- И о чём? О том что ты не соблюдаешь договорённостей? Тут не говорить надо, а контракт рвать и неустойку требовать по полной.
- Значит, вот так? – Она сглотнула, из горла вырвался смешок. – Ожидаемо. Ладно, я не буду держаться, мне не нужно наше совместное проживание. Только ты не обо всех последствиях подумал.
- Предсказываешь? – Он достал жвачку и бросил в рот, как делал всегда, когда хотелось курить. – Ты обычно не очень по этой части.
- Это я знаю. – Прислонившись спиной к двери, сказала Кет, и вправду её голос больше не звучал неуверенно. Она и не чувствовала себя неловкой – ушел постоянный стыд за ложь перед Элайджей, и она впервые поняла, что имеет право говорить с ним на равных. – Вообще-то, я правда ожидала и хотела уйти красиво, пожелав тебе счастливого пути. Только это лицемерие, Элайджа. – Черты её лица заострились, обретя привычную хищность: – Пока я жива, я тебя никогда добровольно не отдам никакой домашней клушке, которые тебе так по вкусу, и сделаю всё, чтобы ты сожалел о расставании со мной каждую минуту, когда у тебя будет, чтобы «поскучать».

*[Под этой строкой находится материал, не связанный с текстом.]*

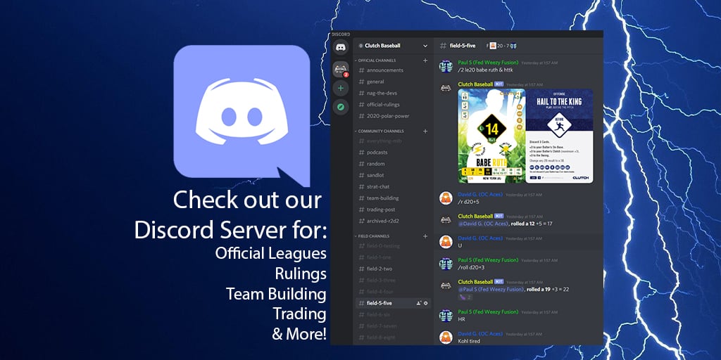 Clutch Baseball is a fantasy board game where you build a 26-man roster, a 50 card strategy deck, choose your coaching staff & select a home stadium with a team building approach. Then you can compete against other players in person or online through our discord leagues.
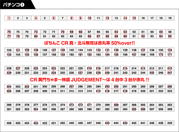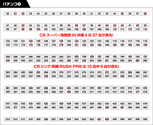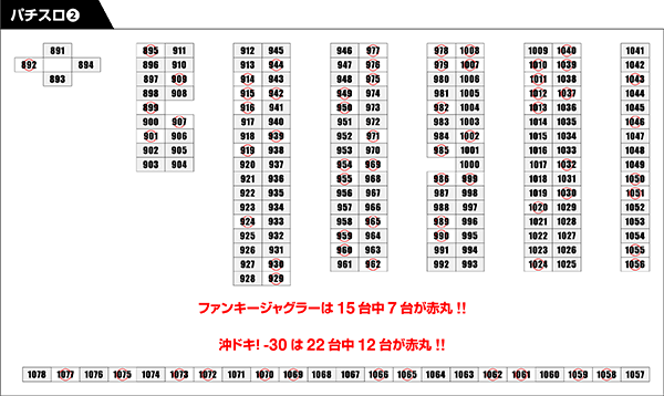 パチンコとパチスロの各シマにまんべんなく赤丸をつける結果となった。
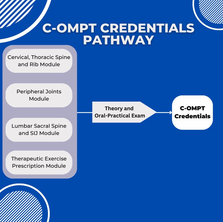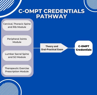 COMPT credentials prerequisites are open to all licensed Physical therapists only. Complete all 4 courses in any order. The COMPT Certification Examination is scheduled minimum once a year.
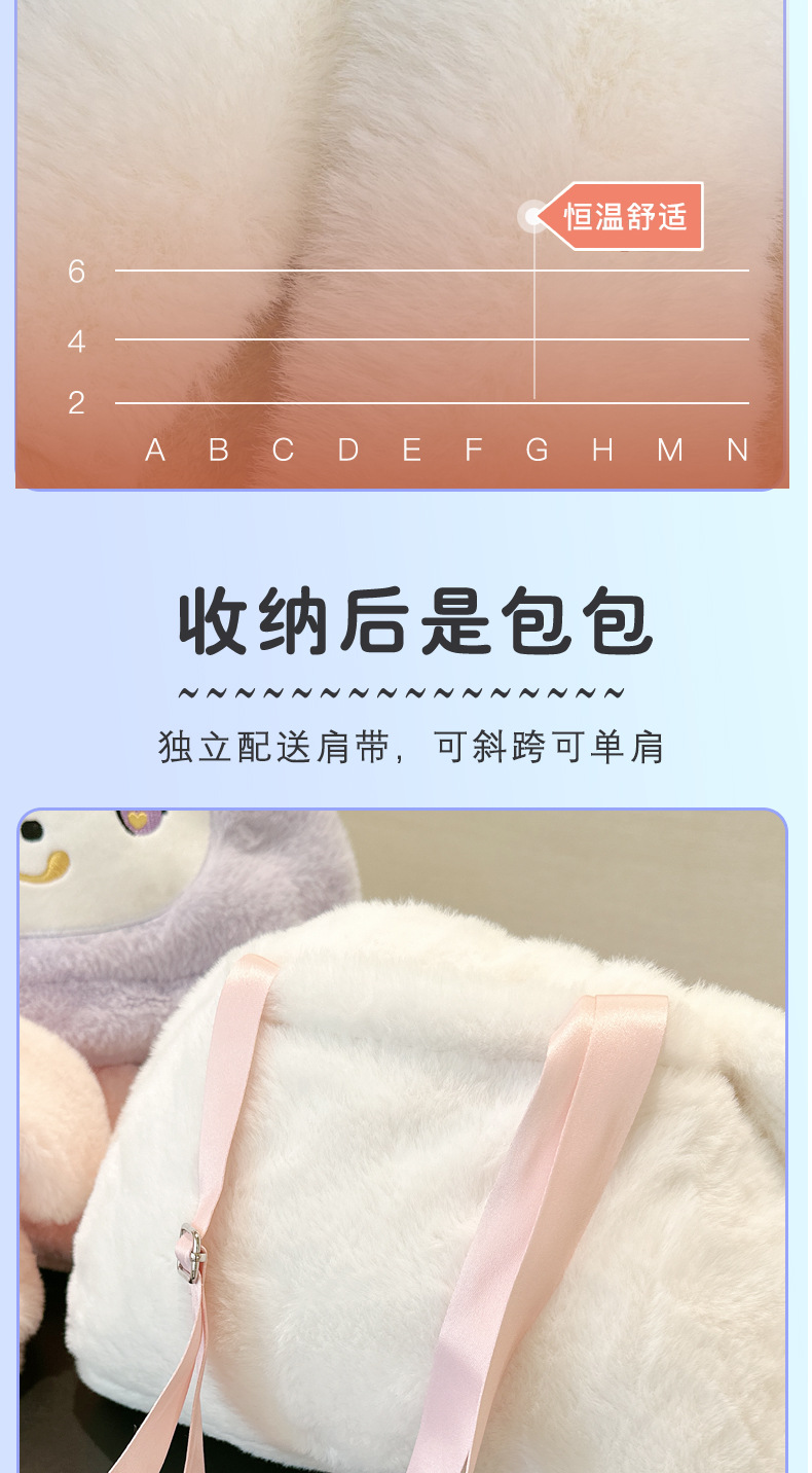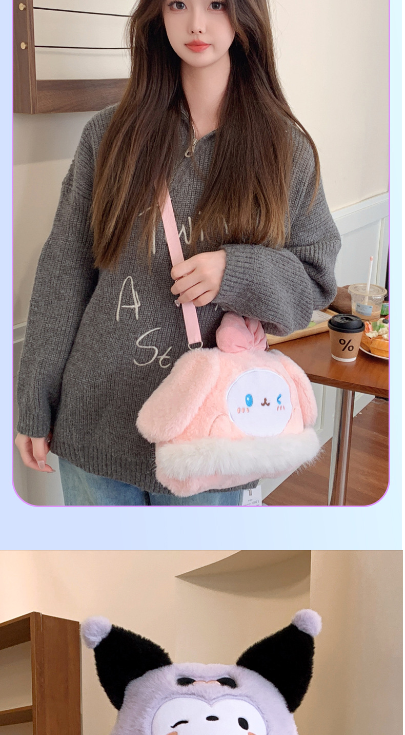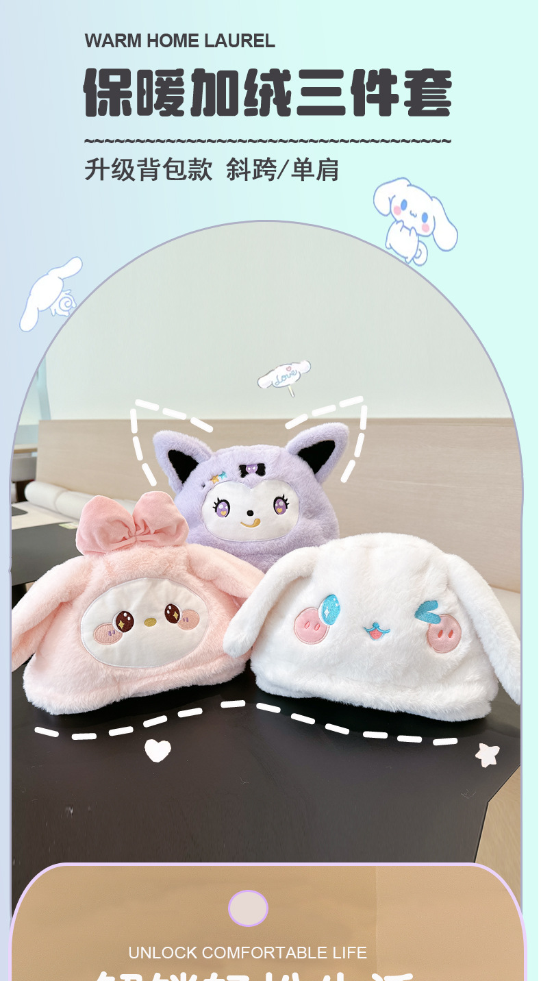 Бараничный бежевый — высококачественный бархат и утолщенный комплект из трех предметов для сумок двух назначения.; Белый ягненок — высококачественный бархатный утолщенный комплект из трех предметов для двух целей сумок.; Ягнено-розовый — высококачественный бархатный утолщенный комплект из трех предметов для сумок двух целей.; Панда — высококачественная бархатная утолщенная сумка-тройка двойного назначения.; «Корица Собака» — высококачественный бархат и утолщенный комплект из трех предметов, сумка двойного назначения.; Kuromi — высококачественный бархатный утолщенный комплект из трех предметов, сумка двойного назначения.; Melody — высококачественный бархатный утолщенный комплект из трех предметов, сумка двойного назначения.

- Какая патетика. Я вполне могу влюбиться. Хотя бы в ту милую девочку на той стороне улицы. Неопробавана Колом, кстати, что для его молоденьких соседок прямо редкость.
- Ты любишь меня, и чего-то подобного за сорок лет не встретил, иначе бы давно со свистом выкинул на помойку, значит, без меня останешься в гордом одиночестве. А в одиночестве человек не бывает счастлив, и, да, это мне нравится, если я не смогу стать счастливой без тебя. Я люблю тебя как умею, и похрену мне на справедливость, и что я перед тобой виновата, так виниться до конца жизни можно… И ещё…
- А ты ведь не сможешь?
- Что?
- Стать счастливой без меня.
Лицо Кетрин застыло, измученная переживаниями она не могла оценить, что тон мужчины стал откровенно нежен.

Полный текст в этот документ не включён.